Каждый вечер повторяется одно и то же. Когда алкоголь хорошо увлажнит сухую человеческую душу, встает Илья Эренбург.
— Камарады, камарады, — восклицает он и останавливается. Пошатывается. Хватается за стол. Музыканты играют туш. — На самом деле мы все социалисты, потому что все хотим, чтобы эта кошмарная война как можно скорее закончилась. («Ого!» — кричит кто-то справа.) Но когда все закончится, что мы будем делать? Пойдем тем же путем? Будем откармливать царей и президентов? Нет! Мы создадим новое общество, в котором каждый трудящийся будет иметь такие же права, как и правитель. (Выкрики: «Не во Франции!», «Не в Германии!») Ну да, в России. Там наш рабочий, товарищи, каждый день будет надевать новую пару обуви. Их у нас будет столько, что по вечерам мы будем их выбрасывать. «Для нового дня новая модель!» — так будет звучать наш лозунг. (Выкрики: «Об этом подробнее!») А старые ботинки, что будет с ними? Их мы будем посылать в бедные страны Азии, и за год-два мы обуем весь Китай и Индокитай, да еще и Монголию. Да, камарады…

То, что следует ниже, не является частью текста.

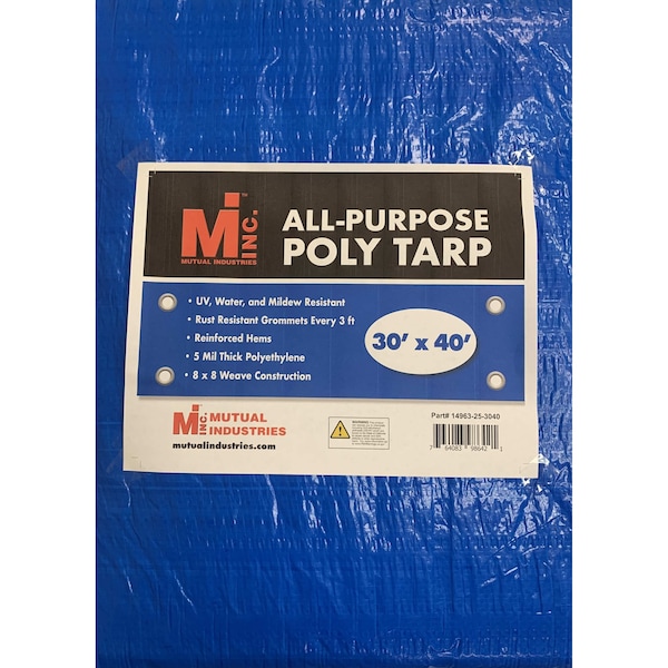 Tarp, 30 ft x 40 ft, 5 Mil, Blue, UV Resistant, Mildew Resistant

На следующий день — то же самое. Еще раз берет слово товарищ Илья:
— Камарады, новый рассказ… немного потише, новый рассказ. В России, камарады, у каждого для начала будет машина, а когда она перестанет быть модной — свой личный дирижабль! Да: ди-ри-жабль! Каждой семье новый цеппелин каждую пятилетку. Все они, конечно, будут государственными, но получать их в первую очередь будут не руководители, а самые обычные рабочие. Дирижаблей будет столько, что придется организовать воздушные автострады. Каждый трудящийся после напряженной работы сядет на свой цеппелин и устремится в небо. В сумерках на горизонте будут видны сотни цеппелинов, это будут самые красивые сумерки в Европе.
Выкрики из толпы: «Да это невозможно!», в то время как другие кричат: «Давай, продолжай!» Между тем Илья Эренбург плюхается на место, как мешок, выброшенный через борт корабля. На этот день с рассказами покончено, но наступят новые дни, новые вечера, пока однажды не случится нечто совершенно неожиданное, что — положа руку на сердце — только на короткое время испортит настроение собравшихся.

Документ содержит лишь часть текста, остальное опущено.